Data listing:
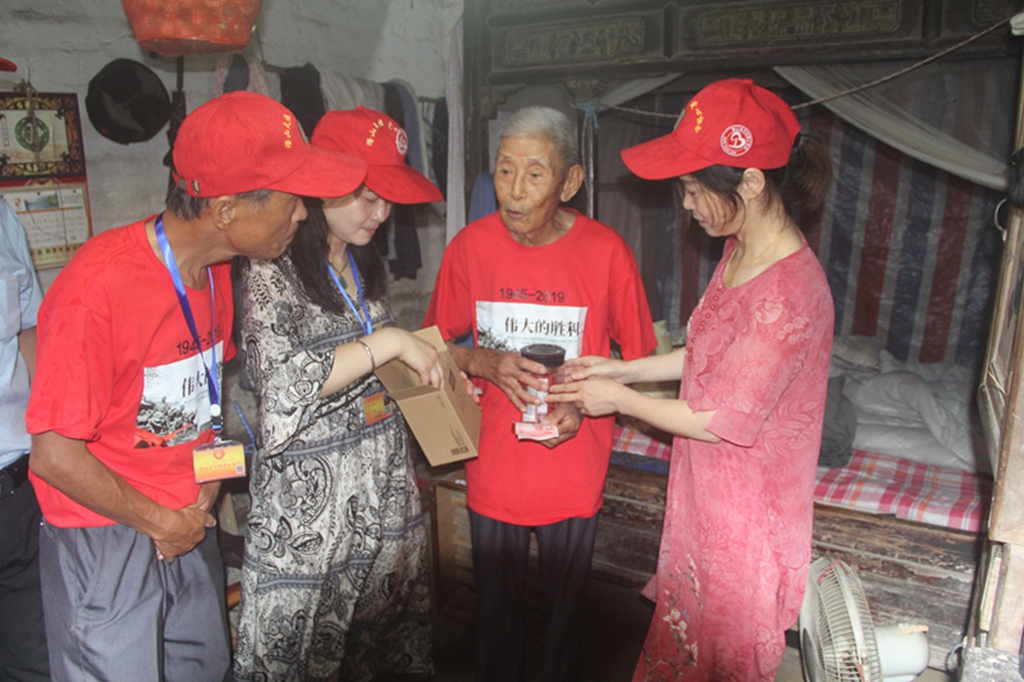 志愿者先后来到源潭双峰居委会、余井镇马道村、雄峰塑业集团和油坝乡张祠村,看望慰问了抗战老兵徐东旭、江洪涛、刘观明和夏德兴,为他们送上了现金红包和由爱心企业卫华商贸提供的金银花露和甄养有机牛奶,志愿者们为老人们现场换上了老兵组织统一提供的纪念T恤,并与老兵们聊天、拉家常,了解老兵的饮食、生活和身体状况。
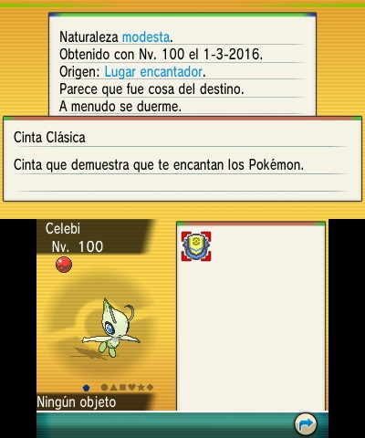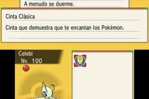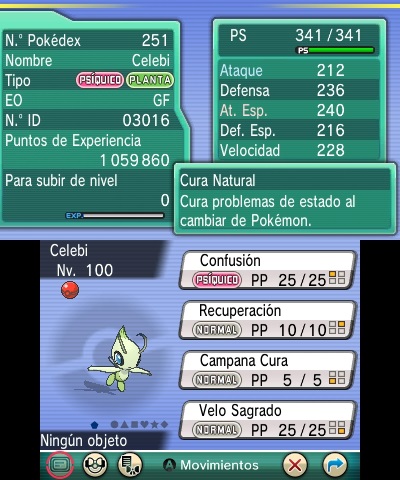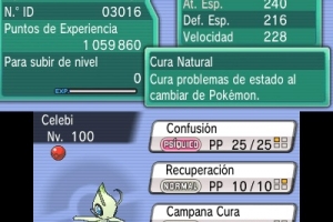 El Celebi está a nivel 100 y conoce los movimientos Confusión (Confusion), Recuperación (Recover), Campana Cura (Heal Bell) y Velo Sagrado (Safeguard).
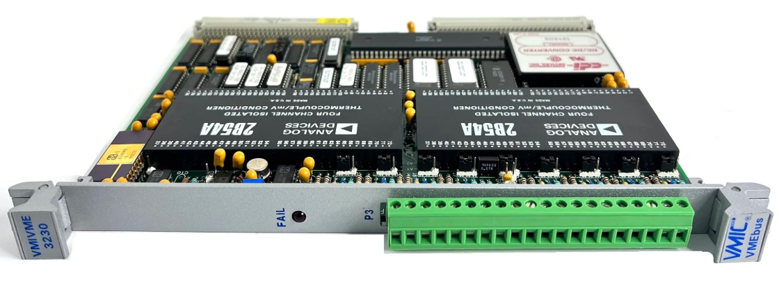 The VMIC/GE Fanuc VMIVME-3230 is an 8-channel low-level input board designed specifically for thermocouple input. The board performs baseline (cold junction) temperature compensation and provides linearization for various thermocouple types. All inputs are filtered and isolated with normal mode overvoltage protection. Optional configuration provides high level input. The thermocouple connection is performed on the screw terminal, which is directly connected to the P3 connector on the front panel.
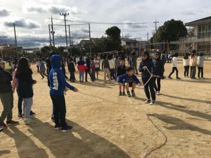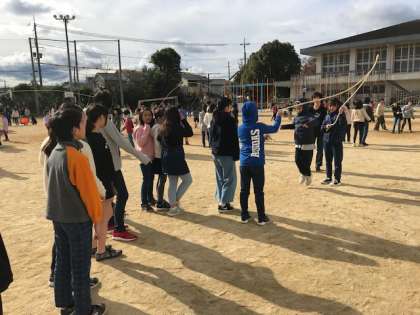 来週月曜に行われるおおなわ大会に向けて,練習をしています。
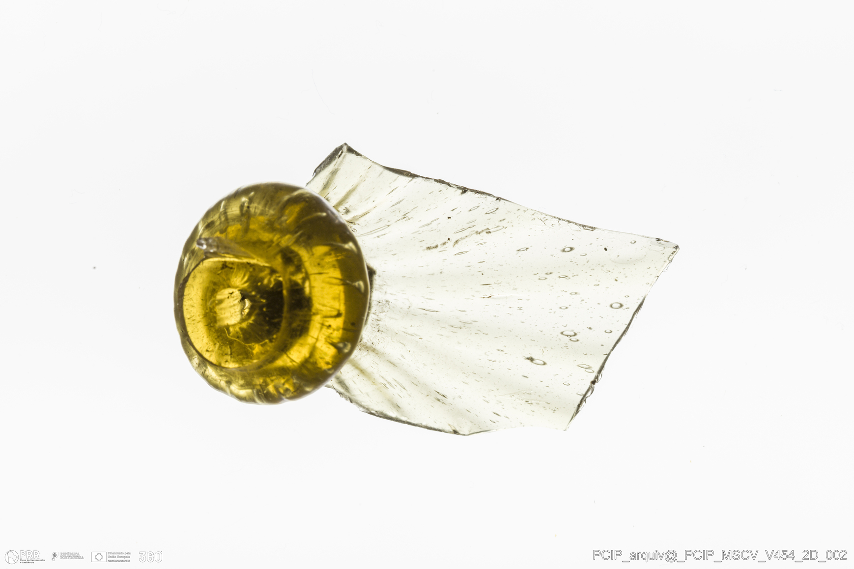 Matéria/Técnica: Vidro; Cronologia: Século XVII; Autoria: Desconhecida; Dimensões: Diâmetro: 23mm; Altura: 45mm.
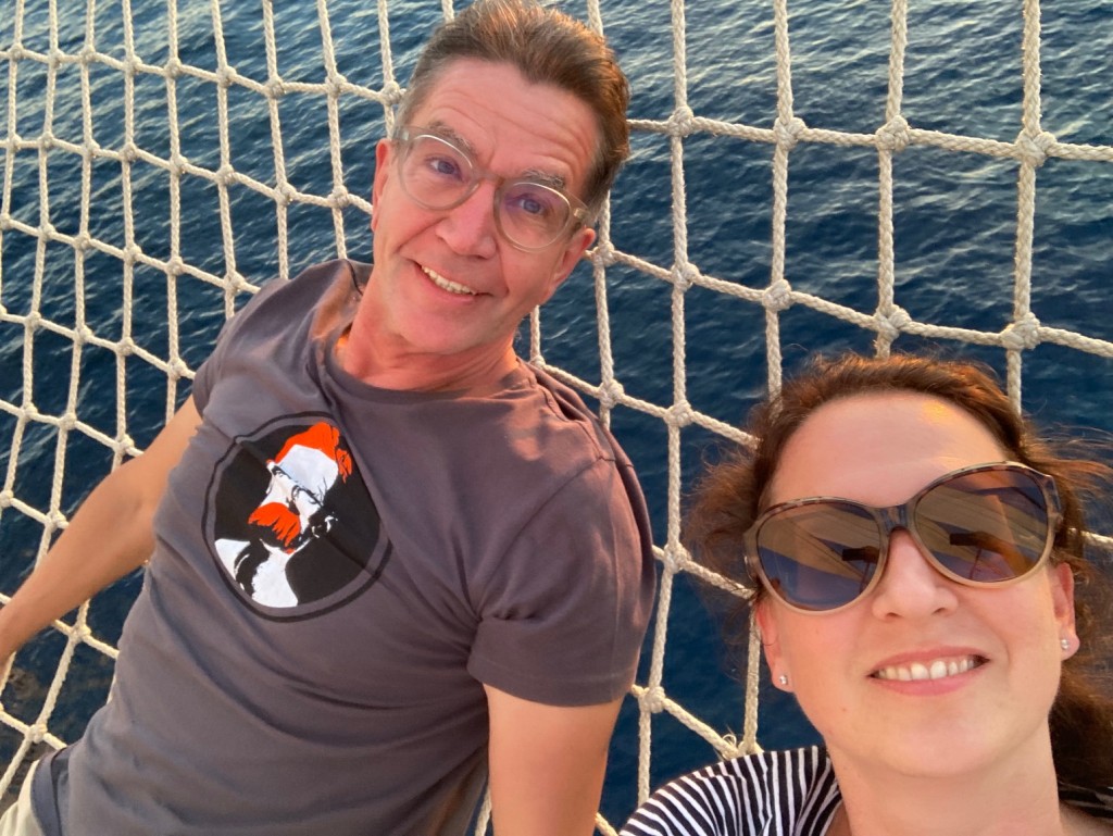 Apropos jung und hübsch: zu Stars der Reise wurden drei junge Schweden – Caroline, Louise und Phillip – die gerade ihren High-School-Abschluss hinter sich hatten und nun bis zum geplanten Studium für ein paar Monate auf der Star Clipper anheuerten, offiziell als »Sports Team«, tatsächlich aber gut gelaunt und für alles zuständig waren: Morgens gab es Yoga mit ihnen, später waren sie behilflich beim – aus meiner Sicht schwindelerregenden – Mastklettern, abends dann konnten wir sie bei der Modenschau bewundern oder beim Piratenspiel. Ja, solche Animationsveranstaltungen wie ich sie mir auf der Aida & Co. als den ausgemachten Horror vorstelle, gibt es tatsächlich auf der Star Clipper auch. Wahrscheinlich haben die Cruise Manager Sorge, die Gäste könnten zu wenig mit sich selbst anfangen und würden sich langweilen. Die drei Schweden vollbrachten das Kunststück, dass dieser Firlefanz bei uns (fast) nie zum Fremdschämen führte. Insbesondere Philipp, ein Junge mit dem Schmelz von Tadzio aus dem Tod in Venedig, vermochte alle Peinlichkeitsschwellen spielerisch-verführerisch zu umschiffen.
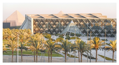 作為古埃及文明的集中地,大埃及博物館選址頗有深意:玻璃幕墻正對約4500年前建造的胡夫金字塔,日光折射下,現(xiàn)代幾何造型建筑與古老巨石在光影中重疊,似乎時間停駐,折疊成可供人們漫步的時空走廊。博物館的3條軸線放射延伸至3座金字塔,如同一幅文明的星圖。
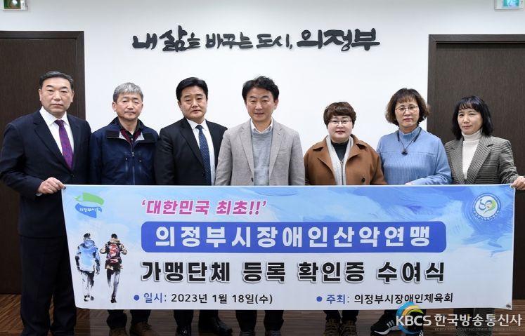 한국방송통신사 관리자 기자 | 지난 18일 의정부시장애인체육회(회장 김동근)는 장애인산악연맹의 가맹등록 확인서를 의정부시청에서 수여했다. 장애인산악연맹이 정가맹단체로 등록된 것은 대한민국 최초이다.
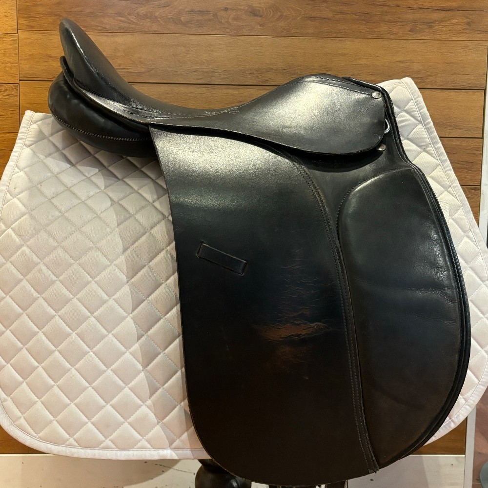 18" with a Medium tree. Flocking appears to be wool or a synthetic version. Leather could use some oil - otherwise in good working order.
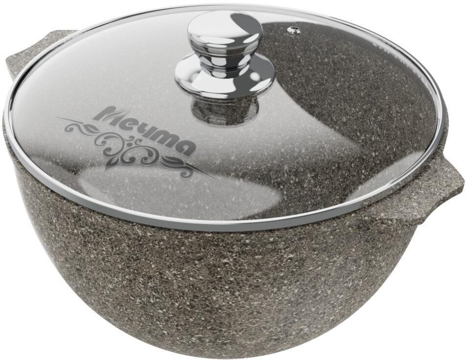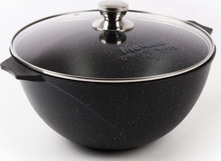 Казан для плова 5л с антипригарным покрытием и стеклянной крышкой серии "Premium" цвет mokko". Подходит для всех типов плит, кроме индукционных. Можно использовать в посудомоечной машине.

Assigned task: Output all the records above exactly, but without their images.

Output for this task:
 志愿者先后来到源潭双峰居委会、余井镇马道村、雄峰塑业集团和油坝乡张祠村,看望慰问了抗战老兵徐东旭、江洪涛、刘观明和夏德兴,为他们送上了现金红包和由爱心企业卫华商贸提供的金银花露和甄养有机牛奶,志愿者们为老人们现场换上了老兵组织统一提供的纪念T恤,并与老兵们聊天、拉家常,了解老兵的饮食、生活和身体状况。
 El Celebi está a nivel 100 y conoce los movimientos Confusión (Confusion), Recuperación (Recover), Campana Cura (Heal Bell) y Velo Sagrado (Safeguard).
 The VMIC/GE Fanuc VMIVME-3230 is an 8-channel low-level input board designed specifically for thermocouple input. The board performs baseline (cold junction) temperature compensation and provides linearization for various thermocouple types. All inputs are filtered and isolated with normal mode overvoltage protection. Optional configuration provides high level input. The thermocouple connection is performed on the screw terminal, which is directly connected to the P3 connector on the front panel.
 来週月曜に行われるおおなわ大会に向けて,練習をしています。
 Matéria/Técnica: Vidro; Cronologia: Século XVII; Autoria: Desconhecida; Dimensões: Diâmetro: 23mm; Altura: 45mm.
 Apropos jung und hübsch: zu Stars der Reise wurden drei junge Schweden – Caroline, Louise und Phillip – die gerade ihren High-School-Abschluss hinter sich hatten und nun bis zum geplanten Studium für ein paar Monate auf der Star Clipper anheuerten, offiziell als »Sports Team«, tatsächlich aber gut gelaunt und für alles zuständig waren: Morgens gab es Yoga mit ihnen, später waren sie behilflich beim – aus meiner Sicht schwindelerregenden – Mastklettern, abends dann konnten wir sie bei der Modenschau bewundern oder beim Piratenspiel. Ja, solche Animationsveranstaltungen wie ich sie mir auf der Aida & Co. als den ausgemachten Horror vorstelle, gibt es tatsächlich auf der Star Clipper auch. Wahrscheinlich haben die Cruise Manager Sorge, die Gäste könnten zu wenig mit sich selbst anfangen und würden sich langweilen. Die drei Schweden vollbrachten das Kunststück, dass dieser Firlefanz bei uns (fast) nie zum Fremdschämen führte. Insbesondere Philipp, ein Junge mit dem Schmelz von Tadzio aus dem Tod in Venedig, vermochte alle Peinlichkeitsschwellen spielerisch-verführerisch zu umschiffen.
 作為古埃及文明的集中地,大埃及博物館選址頗有深意:玻璃幕墻正對約4500年前建造的胡夫金字塔,日光折射下,現(xiàn)代幾何造型建筑與古老巨石在光影中重疊,似乎時間停駐,折疊成可供人們漫步的時空走廊。博物館的3條軸線放射延伸至3座金字塔,如同一幅文明的星圖。
 한국방송통신사 관리자 기자 | 지난 18일 의정부시장애인체육회(회장 김동근)는 장애인산악연맹의 가맹등록 확인서를 의정부시청에서 수여했다. 장애인산악연맹이 정가맹단체로 등록된 것은 대한민국 최초이다.
 18" with a Medium tree. Flocking appears to be wool or a synthetic version. Leather could use some oil - otherwise in good working order.
 Казан для плова 5л с антипригарным покрытием и стеклянной крышкой серии "Premium" цвет mokko". Подходит для всех типов плит, кроме индукционных. Можно использовать в посудомоечной машине.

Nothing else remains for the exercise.